Disclosure requirements for US individual holders
US individuals that hold certain specified foreign financial assets, including stock in anon-US corporation, with values in excess of certain thresholds are required to file Form 8938 with their United States Federal Income Tax return. Such Form requires disclosure of information concerning such non-US, including the value of the assets. Failure to file the form when required is subject to penalties. An exemption from reporting applies to non-US assets held through a US financial institution, generally including a non-US branch or subsidiary of a US institution and a US branch of a non-US institution. Investors are encouraged to consult with their own tax advisers regarding the possible application of this disclosure requirement to their investment in the shares.
Taxation on capital gains in the Netherlands
Under the Convention, if you are a US person and you have capital gains on the sale of shares of a Dutch company, these are generally not subject to taxation by the Netherlands. An exception to this rule generally applies if you have a permanent establishment in the Netherlands and the capital gain is derived from the sale of shares which form part of that permanent establishments business property.
United States taxation on capital gains
A US person generally will recognize capital gain or loss for US federal income tax purposes equal to the difference, if any, between the amount realized on the sale and the US persons adjusted tax basis in the shares or NYRSs, in each case as determined in US dollars. US persons should consult their own tax advisers about how to determine the US dollar value of any foreign currency received as proceeds on the sale of shares or NYRSs and the treatment of any foreign currency gain or loss upon conversion of the foreign currency into US dollars. The capital gain or loss recognized on the sale will be long-term capital gain or loss if the US persons holding period in the shares or NYRSs exceeds one year. Non-corporate US persons are subject to tax on long-term capital gain at reduced rates. The deductibility of capital losses is subject to limitations
Succession duty and gift taxes in the Netherlands
Under the Estate and Inheritance Tax Convention between the United States and the Netherlands of 15 July 1969, individual US persons who are not Dutch citizens who have shares will generally not be subject to succession duty in the Netherlands on the individuals death, unless the shares are part of the business property of a permanent establishment situated in the Netherlands.
A gift of shares of a Dutch company by a person who is not a resident or a deemed resident of the Netherlands is generally not subject to gift tax in the Netherlands. A non-resident Netherlands citizen, however, is still treated as a resident of the Netherlands for gift tax purposes for ten years and any othernon-resident person for one year after leaving the Netherlands.

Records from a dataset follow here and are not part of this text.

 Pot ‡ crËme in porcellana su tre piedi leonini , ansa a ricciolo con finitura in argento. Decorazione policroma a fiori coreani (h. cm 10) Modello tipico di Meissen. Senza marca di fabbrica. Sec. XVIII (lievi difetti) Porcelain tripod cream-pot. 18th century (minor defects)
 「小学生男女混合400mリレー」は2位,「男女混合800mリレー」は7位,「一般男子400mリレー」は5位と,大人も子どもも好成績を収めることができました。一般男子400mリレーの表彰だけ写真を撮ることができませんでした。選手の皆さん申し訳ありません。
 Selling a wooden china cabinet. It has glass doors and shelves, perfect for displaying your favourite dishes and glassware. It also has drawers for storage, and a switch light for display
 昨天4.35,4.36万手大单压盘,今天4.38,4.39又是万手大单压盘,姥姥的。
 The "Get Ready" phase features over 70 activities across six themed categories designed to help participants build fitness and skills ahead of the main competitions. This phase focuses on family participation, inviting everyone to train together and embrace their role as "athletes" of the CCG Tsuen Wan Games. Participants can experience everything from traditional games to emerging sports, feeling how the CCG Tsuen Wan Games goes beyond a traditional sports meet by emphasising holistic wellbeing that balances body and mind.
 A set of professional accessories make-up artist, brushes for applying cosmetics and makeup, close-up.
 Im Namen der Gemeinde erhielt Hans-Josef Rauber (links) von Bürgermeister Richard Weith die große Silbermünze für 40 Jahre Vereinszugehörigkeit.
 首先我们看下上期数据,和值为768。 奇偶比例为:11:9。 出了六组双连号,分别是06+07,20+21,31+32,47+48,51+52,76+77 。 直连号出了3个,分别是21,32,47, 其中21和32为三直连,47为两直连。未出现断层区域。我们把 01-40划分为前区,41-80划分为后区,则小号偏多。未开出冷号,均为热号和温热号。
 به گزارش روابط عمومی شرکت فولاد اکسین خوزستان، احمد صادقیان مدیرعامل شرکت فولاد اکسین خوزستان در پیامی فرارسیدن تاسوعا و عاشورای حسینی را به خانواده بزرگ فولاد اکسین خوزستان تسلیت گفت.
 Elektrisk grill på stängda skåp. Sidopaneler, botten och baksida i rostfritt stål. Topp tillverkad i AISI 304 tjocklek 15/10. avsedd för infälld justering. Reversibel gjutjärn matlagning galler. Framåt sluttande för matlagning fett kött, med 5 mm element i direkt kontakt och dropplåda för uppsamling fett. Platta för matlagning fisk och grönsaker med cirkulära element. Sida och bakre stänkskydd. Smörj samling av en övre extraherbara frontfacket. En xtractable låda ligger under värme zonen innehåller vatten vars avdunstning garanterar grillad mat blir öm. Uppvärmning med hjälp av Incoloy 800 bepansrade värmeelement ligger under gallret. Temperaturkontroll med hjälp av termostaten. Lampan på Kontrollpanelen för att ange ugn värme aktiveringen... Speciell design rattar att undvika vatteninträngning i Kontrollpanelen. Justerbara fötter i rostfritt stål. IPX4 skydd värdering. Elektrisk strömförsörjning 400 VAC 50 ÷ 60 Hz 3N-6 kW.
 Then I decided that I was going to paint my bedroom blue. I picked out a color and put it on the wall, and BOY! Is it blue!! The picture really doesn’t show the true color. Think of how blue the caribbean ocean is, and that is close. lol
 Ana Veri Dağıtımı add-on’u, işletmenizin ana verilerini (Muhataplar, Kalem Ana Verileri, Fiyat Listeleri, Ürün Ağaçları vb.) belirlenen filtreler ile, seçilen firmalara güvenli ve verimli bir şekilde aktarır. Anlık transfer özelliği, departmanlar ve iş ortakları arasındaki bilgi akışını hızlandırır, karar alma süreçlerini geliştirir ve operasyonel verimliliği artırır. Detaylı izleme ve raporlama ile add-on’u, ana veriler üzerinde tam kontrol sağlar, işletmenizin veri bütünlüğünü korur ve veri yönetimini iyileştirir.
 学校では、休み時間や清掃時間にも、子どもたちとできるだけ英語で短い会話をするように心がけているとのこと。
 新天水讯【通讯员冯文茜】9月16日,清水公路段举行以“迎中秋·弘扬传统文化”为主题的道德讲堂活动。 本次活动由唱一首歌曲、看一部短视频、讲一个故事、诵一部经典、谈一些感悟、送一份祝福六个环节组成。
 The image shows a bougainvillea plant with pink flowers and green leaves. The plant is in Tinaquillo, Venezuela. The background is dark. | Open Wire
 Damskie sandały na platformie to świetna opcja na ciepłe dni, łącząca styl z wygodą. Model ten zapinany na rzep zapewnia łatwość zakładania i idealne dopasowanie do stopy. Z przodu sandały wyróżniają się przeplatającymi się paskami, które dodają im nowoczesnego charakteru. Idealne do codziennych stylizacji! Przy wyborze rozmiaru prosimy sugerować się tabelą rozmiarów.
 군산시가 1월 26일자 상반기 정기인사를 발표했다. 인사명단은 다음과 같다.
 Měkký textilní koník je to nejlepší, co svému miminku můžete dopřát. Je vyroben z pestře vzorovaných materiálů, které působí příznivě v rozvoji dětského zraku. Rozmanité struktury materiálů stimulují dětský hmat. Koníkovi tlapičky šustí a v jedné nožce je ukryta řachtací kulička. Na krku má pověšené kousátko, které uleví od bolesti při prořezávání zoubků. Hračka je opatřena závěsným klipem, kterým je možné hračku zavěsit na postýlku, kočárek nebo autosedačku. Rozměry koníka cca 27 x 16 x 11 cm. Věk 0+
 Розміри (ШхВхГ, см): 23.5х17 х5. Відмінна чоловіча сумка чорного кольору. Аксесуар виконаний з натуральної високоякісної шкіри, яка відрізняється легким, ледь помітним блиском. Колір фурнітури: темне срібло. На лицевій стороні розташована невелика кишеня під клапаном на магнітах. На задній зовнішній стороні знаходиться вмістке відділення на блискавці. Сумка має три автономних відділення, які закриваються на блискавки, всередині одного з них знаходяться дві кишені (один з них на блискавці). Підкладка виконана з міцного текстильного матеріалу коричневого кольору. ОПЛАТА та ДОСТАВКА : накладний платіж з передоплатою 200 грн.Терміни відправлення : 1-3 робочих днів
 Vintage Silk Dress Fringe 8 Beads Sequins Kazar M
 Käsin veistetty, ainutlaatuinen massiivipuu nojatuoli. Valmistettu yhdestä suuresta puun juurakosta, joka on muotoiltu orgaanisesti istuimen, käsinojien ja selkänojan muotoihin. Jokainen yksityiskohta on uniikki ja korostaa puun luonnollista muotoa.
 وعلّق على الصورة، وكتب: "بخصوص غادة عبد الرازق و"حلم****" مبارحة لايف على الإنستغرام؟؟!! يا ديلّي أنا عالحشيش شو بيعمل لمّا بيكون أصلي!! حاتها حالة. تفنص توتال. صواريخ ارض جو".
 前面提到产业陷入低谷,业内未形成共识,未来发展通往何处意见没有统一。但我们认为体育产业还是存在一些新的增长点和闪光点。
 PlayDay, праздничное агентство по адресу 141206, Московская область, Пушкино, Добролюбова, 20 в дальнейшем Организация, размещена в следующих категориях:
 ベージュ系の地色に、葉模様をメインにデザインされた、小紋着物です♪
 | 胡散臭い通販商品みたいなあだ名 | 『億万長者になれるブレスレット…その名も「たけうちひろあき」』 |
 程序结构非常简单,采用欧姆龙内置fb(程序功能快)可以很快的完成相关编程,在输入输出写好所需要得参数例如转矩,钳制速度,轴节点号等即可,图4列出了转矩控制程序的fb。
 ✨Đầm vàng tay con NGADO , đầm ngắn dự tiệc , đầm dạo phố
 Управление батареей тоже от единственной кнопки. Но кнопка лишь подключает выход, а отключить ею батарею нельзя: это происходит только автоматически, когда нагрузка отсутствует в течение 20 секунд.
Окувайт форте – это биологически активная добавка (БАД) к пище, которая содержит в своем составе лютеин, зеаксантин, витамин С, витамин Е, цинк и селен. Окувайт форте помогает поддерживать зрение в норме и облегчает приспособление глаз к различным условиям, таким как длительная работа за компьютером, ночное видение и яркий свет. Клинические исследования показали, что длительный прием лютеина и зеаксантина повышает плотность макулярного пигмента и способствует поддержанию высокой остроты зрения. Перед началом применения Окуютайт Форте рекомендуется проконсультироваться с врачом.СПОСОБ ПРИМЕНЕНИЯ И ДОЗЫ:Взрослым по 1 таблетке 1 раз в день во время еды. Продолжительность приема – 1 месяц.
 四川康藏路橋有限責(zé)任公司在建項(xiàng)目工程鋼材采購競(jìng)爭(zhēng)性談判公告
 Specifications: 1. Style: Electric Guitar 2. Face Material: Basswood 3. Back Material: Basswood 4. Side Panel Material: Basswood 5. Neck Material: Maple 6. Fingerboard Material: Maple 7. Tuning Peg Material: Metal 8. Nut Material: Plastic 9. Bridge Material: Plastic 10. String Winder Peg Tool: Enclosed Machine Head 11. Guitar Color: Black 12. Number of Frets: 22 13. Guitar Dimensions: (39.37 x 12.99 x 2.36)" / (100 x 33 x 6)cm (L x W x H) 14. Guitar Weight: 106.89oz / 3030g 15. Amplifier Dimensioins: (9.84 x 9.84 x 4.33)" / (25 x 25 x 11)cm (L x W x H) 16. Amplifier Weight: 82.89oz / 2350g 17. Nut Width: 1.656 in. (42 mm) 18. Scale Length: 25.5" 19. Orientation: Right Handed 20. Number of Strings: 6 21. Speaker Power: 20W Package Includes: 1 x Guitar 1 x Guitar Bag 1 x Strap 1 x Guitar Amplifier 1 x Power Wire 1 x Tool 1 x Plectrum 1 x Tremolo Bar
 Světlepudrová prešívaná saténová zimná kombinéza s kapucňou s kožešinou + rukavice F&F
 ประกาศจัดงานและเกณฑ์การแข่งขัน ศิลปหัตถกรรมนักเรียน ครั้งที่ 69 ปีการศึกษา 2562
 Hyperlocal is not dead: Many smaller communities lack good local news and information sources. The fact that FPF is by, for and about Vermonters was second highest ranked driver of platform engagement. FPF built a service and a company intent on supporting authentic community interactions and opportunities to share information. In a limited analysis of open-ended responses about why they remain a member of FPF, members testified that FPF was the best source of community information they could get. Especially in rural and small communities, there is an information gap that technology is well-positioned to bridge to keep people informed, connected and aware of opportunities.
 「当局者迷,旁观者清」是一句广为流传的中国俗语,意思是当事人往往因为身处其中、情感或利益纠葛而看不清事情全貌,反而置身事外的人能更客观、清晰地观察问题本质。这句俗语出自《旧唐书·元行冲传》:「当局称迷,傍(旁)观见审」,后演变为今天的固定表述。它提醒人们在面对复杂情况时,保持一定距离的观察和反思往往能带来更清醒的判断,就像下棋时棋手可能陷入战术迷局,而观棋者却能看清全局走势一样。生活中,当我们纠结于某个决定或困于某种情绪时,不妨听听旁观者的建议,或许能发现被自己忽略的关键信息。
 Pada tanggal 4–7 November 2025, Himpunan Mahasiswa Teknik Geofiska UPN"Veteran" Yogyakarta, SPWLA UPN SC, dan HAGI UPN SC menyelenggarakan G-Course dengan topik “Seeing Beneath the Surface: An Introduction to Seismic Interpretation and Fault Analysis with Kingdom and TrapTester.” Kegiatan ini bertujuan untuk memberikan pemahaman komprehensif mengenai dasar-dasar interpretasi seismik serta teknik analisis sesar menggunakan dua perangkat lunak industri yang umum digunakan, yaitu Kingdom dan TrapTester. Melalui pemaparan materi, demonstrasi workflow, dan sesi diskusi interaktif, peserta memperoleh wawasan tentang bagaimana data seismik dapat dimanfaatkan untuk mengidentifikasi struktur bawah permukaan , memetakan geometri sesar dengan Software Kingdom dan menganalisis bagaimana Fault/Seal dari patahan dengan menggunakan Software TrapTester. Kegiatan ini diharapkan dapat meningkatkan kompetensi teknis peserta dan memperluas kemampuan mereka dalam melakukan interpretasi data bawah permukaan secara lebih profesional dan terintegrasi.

Taxation for US persons holding shares or American Depositary Shares in PLC
The following notes are provided for guidance. US persons should consult their local tax advisers, particularly in connection with potential liability to pay US taxes on disposal, lifetime gift or bequest of their shares or American Depositary Shares (ADSs). A US person is a US individual citizen or resident, a corporation organised under the laws of the United States, any state or the District of Columbia, or any other legal person subject to United States Federal Income Tax on its worldwide income.
United Kingdom taxation on dividends
Under United Kingdom law, income tax is not withheld from dividends paid by United Kingdom companies. Shareholders, whether resident in the United Kingdom or not, receive the full amount of the dividend actually declared.
If you are a US person, the dividend up to the amount of PLCs earnings and profits for United States Federal Income Tax purposes will be ordinary dividend income. Dividends received by an individual will be taxed at a maximum rate of 15% or 20%, depending on the income level of the individual, provided the individual has held the shares or ADSs for more than 60 days during the 121-day period beginning 60 days before the ex-dividend date, that PLC is a qualified foreign corporation and certain other conditions are satisfied. PLC is a qualified foreign corporation for this purpose. In addition, an additional tax of 3.8% will apply to dividends and other investment income received by individuals with incomes exceeding certain thresholds. The dividend is not eligible for the dividends received deduction allowable to corporations. The dividend is foreign source income for US foreign tax credit purposes.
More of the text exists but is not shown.